Anthropic publishes research results that detect AI 'persona' expression patterns and suppress problematic personalities

AI models can sometimes develop personality traits or personas that developers didn't intend, as seen in cases like the Microsoft search engine Bing's AI

threatening people and X's Grok calling itself 'Mecha Hitler.' Anthropic, the developer of the chat AI Claude, has published a study on how to detect and suppress these persona-inducing patterns in AI models.

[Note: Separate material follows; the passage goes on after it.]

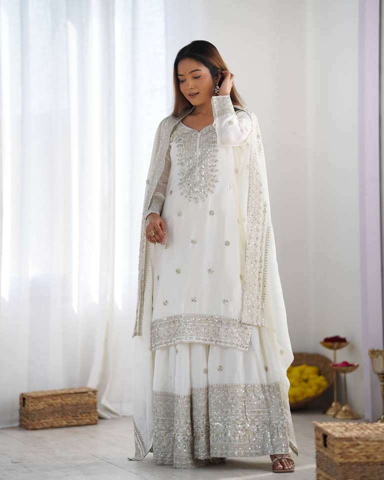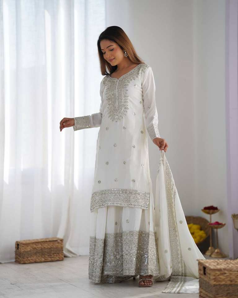 Chinnon Silk Collection with Heavy Embroidery New Fully Stitched Ready Wear Top-Plazzo Dupatta Set for Indian Pakistani Clothing
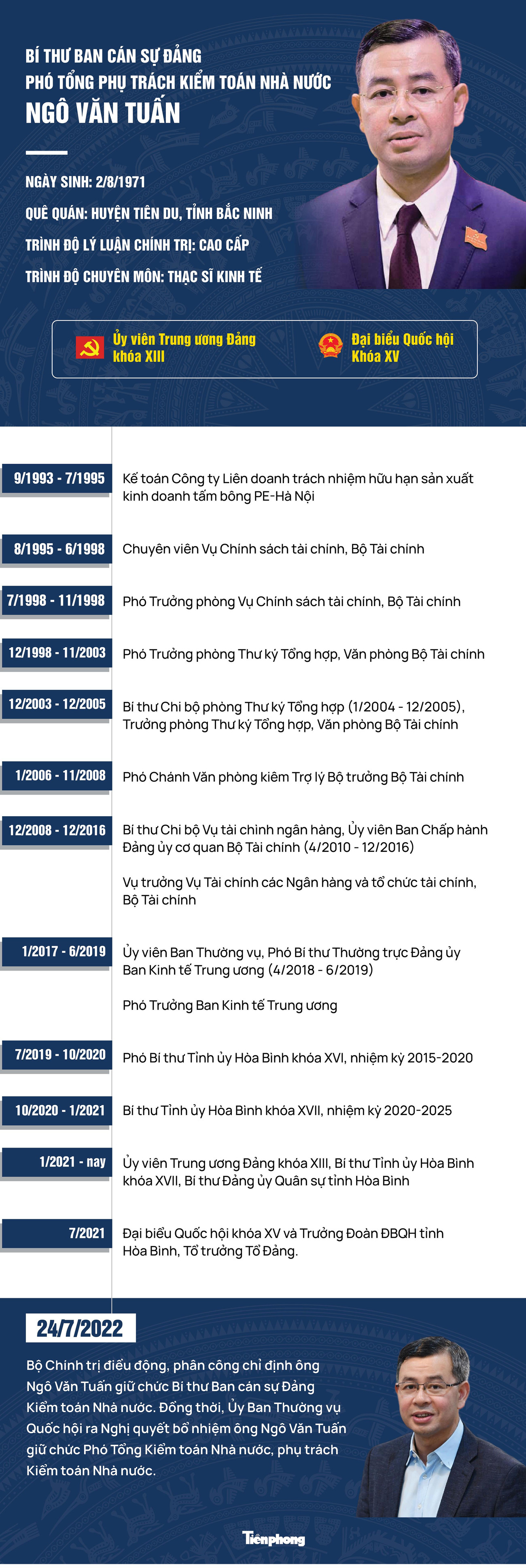 TPO - Bộ Chính trị điều động, phân công ông Ngô Văn Tuấn - Ủy viên Trung ương Đảng khóa XIII, thôi tham gia Ban chấp hành, Ban Thường vụ và thôi giữ chức Bí thư Tỉnh ủy Hòa Bình, nhiệm kỳ 2020-2025, để chỉ định giữ chức Bí thư Ban cán sự Đảng Kiểm toán Nhà nước. Đồng thời, Ủy Ban Thường vụ Quốc hội ra Nghị quyết bổ nhiệm ông Ngô Văn Tuấn giữ chức Phó Tổng Kiểm toán Nhà nước, phụ trách Kiểm toán Nhà nước. Thời hạn bổ nhiệm 5 năm kể từ ngày 24/7/2022.

[2507.21509] Persona Vectors: Monitoring and Controlling Character Traits in Language Models
https://arxiv.org/abs/2507.21509

Persona vectors: Monitoring and controlling character traits in language models \ Anthropic
https://www.anthropic.com/research/persona-vectors

The Anthropic research team pointed out that the reason why unintended personas emerge in AI is because the underlying causes of the AI model's 'personality traits' are not fully understood. Therefore, the research team identified 'persona vectors,' which are activity patterns that control personality traits within the AI model's neural network, and conducted research to detect and mitigate the emergence of personas.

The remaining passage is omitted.